Razia menargetkan wilayah Cilodong, Jalan Baru menuju Cikampek dan Kopo, dan dimulai pukul 21.00 Wib, dipimpin langsung Kasidaop Bayu Permadi. Sempat terjadi kejar-kejaran dengan para PSK di perkebunan jati dan petak umpet di sejumlah hotel serta warung remang-remang.

“Kami meringkus para PSK ini adalah upaya menertibkan dan menegakkan Perda sesuai undang-undang yang berlaku demi menciptakan suasana kondusif, terutamanya memberikan ketenangan di bulan Ramadhan ini. Kami juga mentertibkan sejumlah hotel dan wisma yang disinyalir menampung pasangan gelap atau belum sah,” kata Bayu Permadi.

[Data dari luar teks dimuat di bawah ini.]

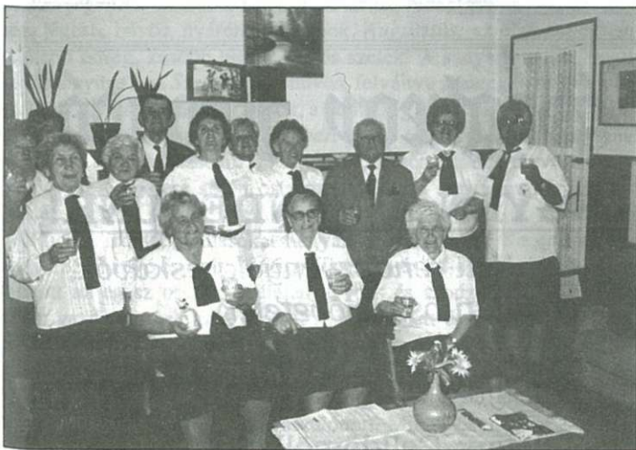
Csoportkép a dalkörrel

Kasubag TU, Wahyu Mulyana memaparkan, dari sekian yang terjaring razia terdapat dua pasangan yang merupakan remaja belum menikah yang menginap di hotel.

“Semuanya kami data dan sementara ini kami memberikan pengarahan agar pelaku mendapati efek jera dan saya harap tidak ada lagi pelanggaran yang sama atau kami akan memberikan peringatan yang lebih tegas jika kembali tertangkap di kemudian hari,” tegasnya.

Sebelum itu pada Kamis pagi, Polres Purwakarta menggelar operasi Pekat (Penyakit Masyarakat) dan berhasil mengamankan 80 preman, 2 pengedar ganja. Sementara ratusan botol minuman keras dari warung remang-remang sampai pedagang keliling tanpa izin.